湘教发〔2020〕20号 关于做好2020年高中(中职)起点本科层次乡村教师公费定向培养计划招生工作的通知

* * *

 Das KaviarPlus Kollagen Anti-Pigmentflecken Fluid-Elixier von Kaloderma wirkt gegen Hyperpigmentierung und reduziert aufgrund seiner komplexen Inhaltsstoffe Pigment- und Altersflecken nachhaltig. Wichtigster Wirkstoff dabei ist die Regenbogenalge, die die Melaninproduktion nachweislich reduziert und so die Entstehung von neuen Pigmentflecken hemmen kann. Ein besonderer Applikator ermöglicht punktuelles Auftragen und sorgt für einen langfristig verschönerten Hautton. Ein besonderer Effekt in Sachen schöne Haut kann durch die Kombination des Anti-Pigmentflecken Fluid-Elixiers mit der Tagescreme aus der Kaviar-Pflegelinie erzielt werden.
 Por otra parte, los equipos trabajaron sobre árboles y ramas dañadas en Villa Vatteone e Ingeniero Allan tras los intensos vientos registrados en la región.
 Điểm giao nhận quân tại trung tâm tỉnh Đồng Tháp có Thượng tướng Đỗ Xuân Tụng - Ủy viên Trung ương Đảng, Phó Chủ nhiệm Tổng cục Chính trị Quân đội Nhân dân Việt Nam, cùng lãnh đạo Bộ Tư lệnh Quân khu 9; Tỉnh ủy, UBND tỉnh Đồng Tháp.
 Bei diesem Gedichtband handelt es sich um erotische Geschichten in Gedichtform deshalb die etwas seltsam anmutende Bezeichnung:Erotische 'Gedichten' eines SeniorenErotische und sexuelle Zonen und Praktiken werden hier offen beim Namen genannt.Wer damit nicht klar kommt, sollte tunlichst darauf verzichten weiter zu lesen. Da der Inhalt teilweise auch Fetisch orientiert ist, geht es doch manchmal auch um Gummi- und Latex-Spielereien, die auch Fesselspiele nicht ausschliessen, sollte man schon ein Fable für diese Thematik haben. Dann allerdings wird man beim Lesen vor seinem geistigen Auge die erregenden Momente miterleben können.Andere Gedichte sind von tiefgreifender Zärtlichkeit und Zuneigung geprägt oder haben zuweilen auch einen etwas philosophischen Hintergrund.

...

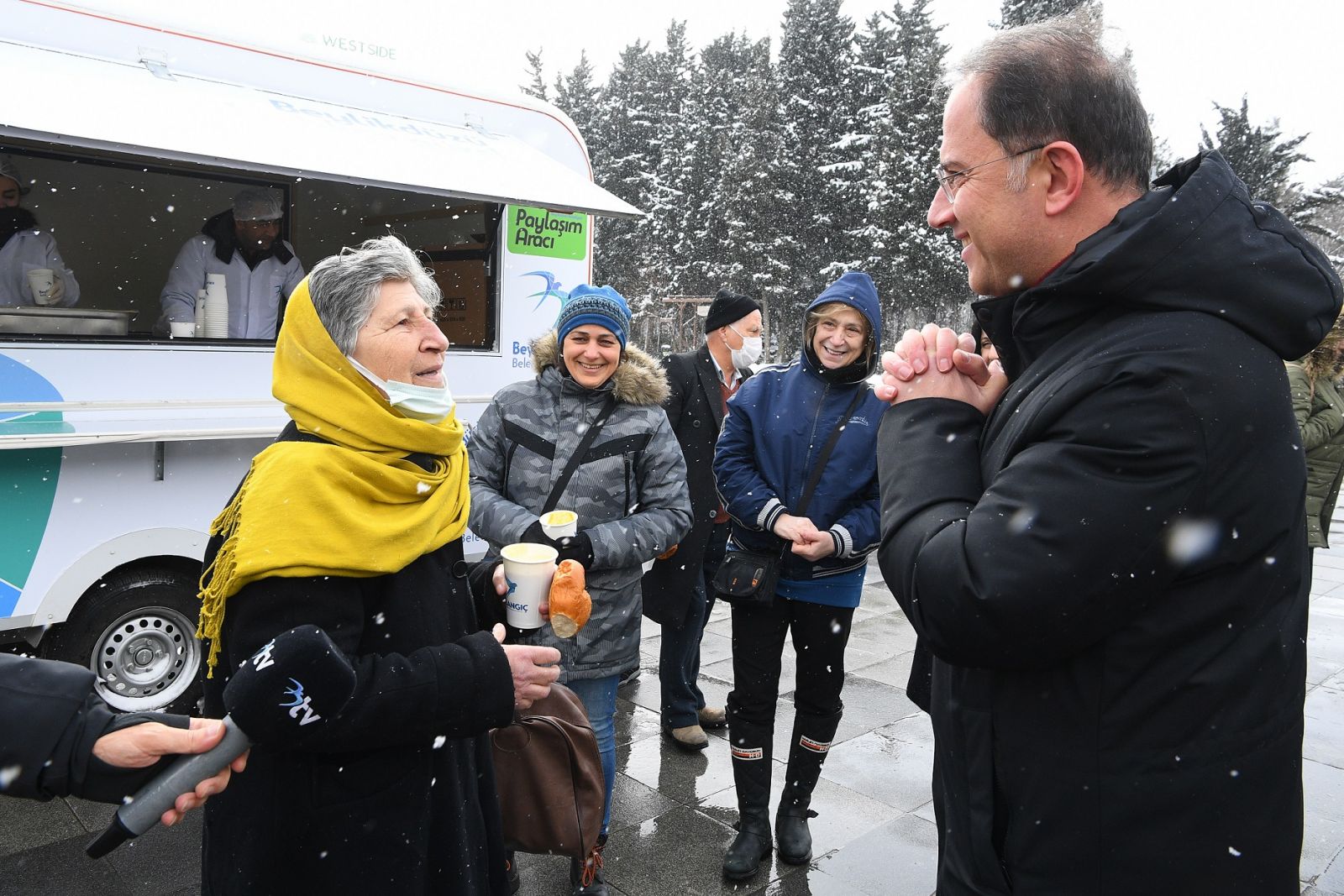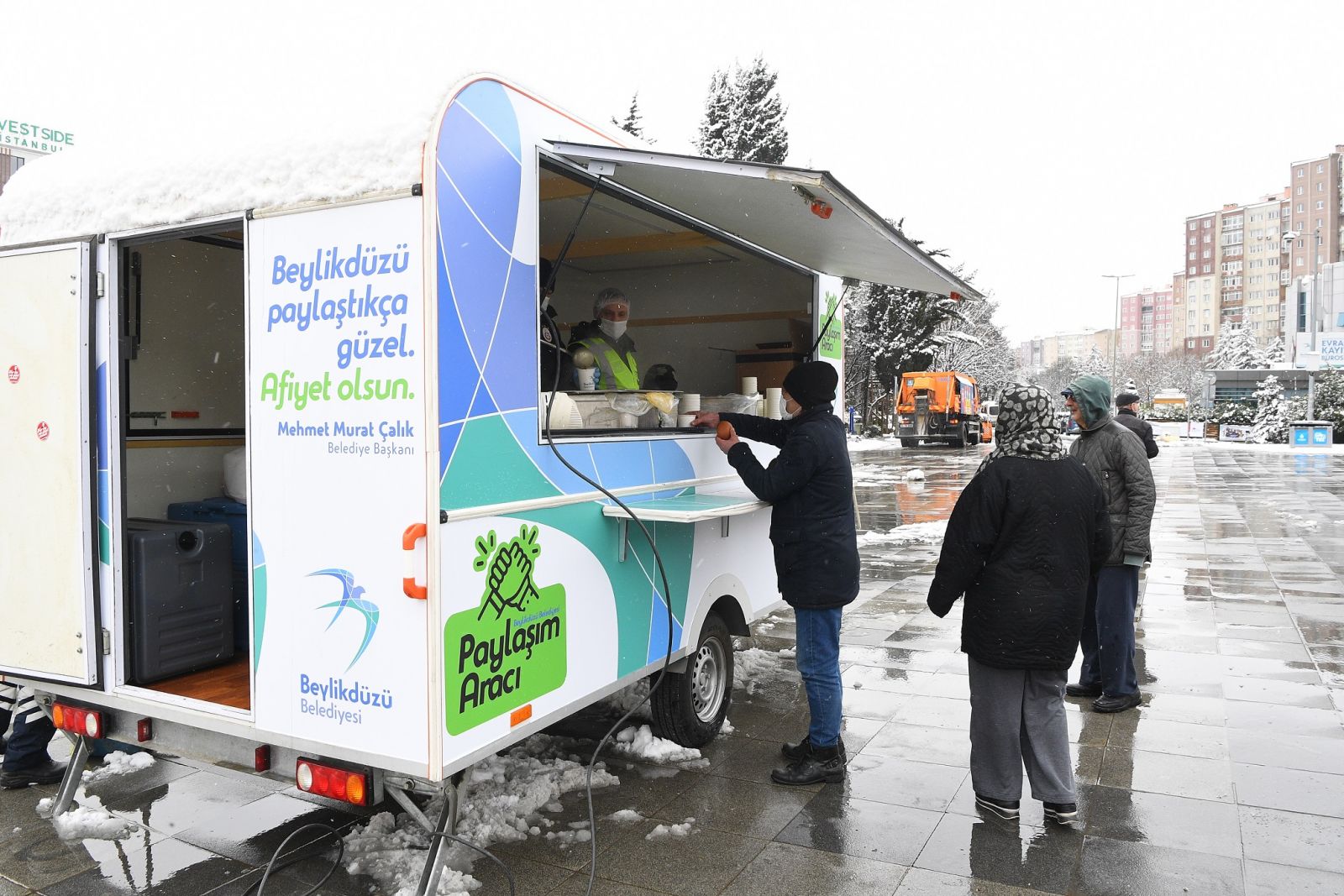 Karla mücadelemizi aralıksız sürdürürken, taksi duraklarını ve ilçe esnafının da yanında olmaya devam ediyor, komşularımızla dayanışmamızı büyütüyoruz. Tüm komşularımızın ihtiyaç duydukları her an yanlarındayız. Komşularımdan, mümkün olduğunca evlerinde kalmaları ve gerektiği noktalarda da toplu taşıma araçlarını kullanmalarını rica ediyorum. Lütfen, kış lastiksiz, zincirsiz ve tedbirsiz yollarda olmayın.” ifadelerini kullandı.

Your instructions: Using the entries shown above, reproduce verbatim the lines from the line bearing "Das KaviarPlus Kollagen" to the line bearing "Điểm giao nhận", inclusive.

Expected output:
 Das KaviarPlus Kollagen Anti-Pigmentflecken Fluid-Elixier von Kaloderma wirkt gegen Hyperpigmentierung und reduziert aufgrund seiner komplexen Inhaltsstoffe Pigment- und Altersflecken nachhaltig. Wichtigster Wirkstoff dabei ist die Regenbogenalge, die die Melaninproduktion nachweislich reduziert und so die Entstehung von neuen Pigmentflecken hemmen kann. Ein besonderer Applikator ermöglicht punktuelles Auftragen und sorgt für einen langfristig verschönerten Hautton. Ein besonderer Effekt in Sachen schöne Haut kann durch die Kombination des Anti-Pigmentflecken Fluid-Elixiers mit der Tagescreme aus der Kaviar-Pflegelinie erzielt werden.
 Por otra parte, los equipos trabajaron sobre árboles y ramas dañadas en Villa Vatteone e Ingeniero Allan tras los intensos vientos registrados en la región.
 Điểm giao nhận quân tại trung tâm tỉnh Đồng Tháp có Thượng tướng Đỗ Xuân Tụng - Ủy viên Trung ương Đảng, Phó Chủ nhiệm Tổng cục Chính trị Quân đội Nhân dân Việt Nam, cùng lãnh đạo Bộ Tư lệnh Quân khu 9; Tỉnh ủy, UBND tỉnh Đồng Tháp.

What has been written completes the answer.